Before we dive in, I just want to say that Environmental Health Officers (EHOs) are not here to scare you. They are entirely human and they genuinely want to work with you and help you.

A food safety officer who still works for a local authority recently said to me that home-based business owners are often nervous but most passionate about their product. To ease the tension, officers often ask questions about the business’ products, like what’s the most popular or the favourite product to make, hoping to bring some interesting conversations and to help the owner relax. The reason I wanted to share this is for you to know how most officers are thinking, that they do understand that inspections can be nerve-wracking to you and that they are willing to work alongside and support you.

Now, let’s move to the actual inspection. The officer rings your doorbell and steps into your kitchen. There are 3 areas they assess as part of the food hygiene inspection, these are:

1. Food Safety and Hygiene Procedures

temp check

This involves checking if the food is being handled hygienically. Is it being stored, prepared, cooked, cooled down, and reheated safely? Or whatever of those tasks you are doing in your business.

You’re probably not going to be preparing food at the time of your inspection, so this is why the officer may ask a few more questions to understand more about the things that you do in your business.

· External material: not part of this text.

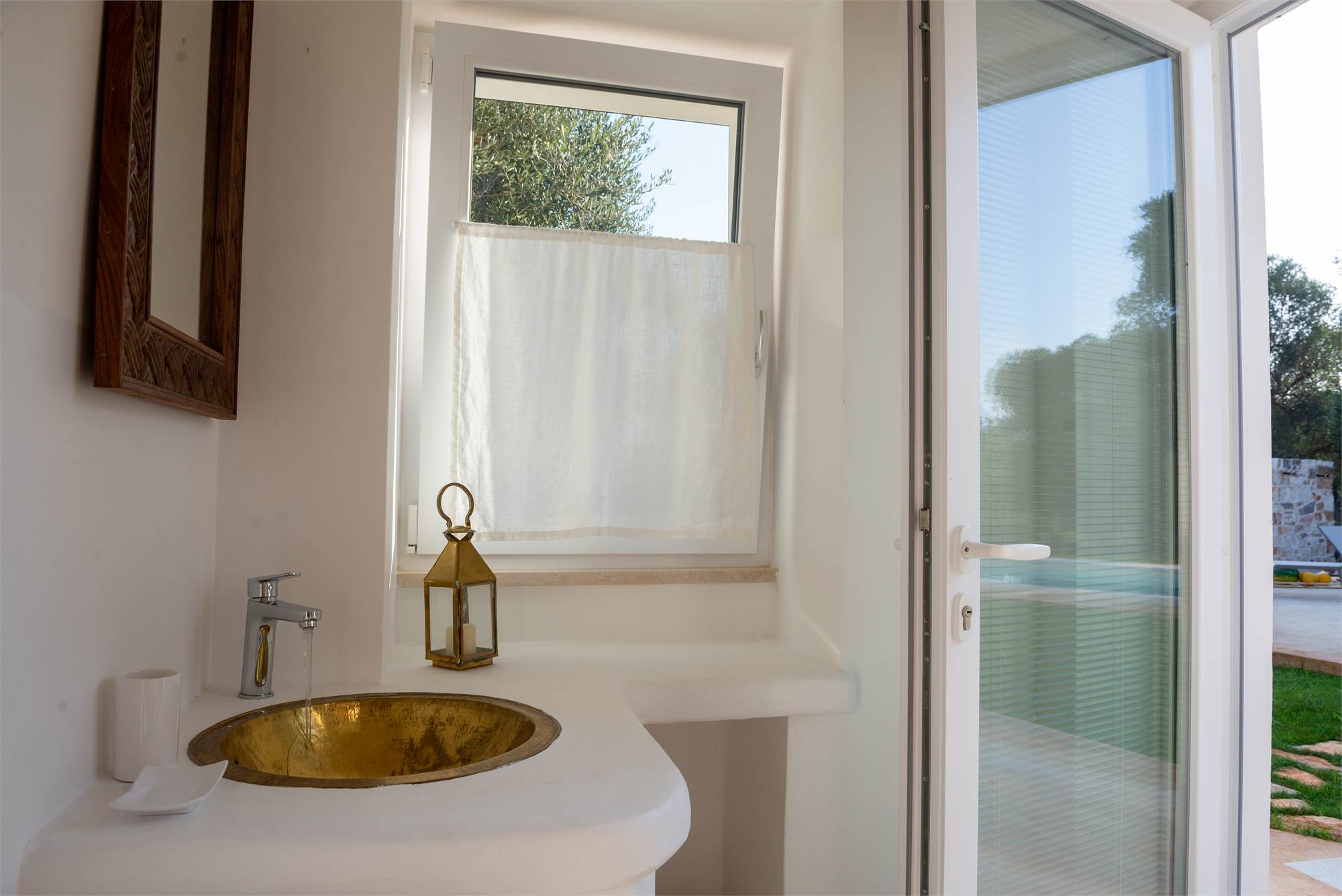 Outside, private swimming pool with solarium area, well-kept garden with Mediterranean plants, large patio for outdoor dining with built-in table and a bathroom.

The officer may ask you or check the following:

  • How do you store the foods for your business in the fridge and at what temperature?
  • Are the ingredients within their use-by dates and correctly labeled?
  • How do you separate the ingredients of your products from your family’s food?
  • How do you prevent cross-contamination?
  • How do you clean and disinfect the surfaces before and after preparing the food?

2. Structure and Cleaning

natalie cleaning

This is  about the cleanliness and condition of the equipment and kitchen. In a home-based food business, the officer will not be looking at your whole house; the focus will be solely on your kitchen and any other areas where you store food, such as a garage where you may have a fridge or freezer, or perhaps a cupboard nearby where you store some dry goods.

Just to clear one thing up, officers are not expecting a commercial kitchen when they inspect a home-based food business. They understand that your kitchen is part of your family home and they are definitely not expecting stainless steel food preparation surfaces or clad walls. However, they do expect your kitchen to be in a good state of repair. This means that surfaces are easy to clean and in good condition i.e. so they won’t shed particles into food.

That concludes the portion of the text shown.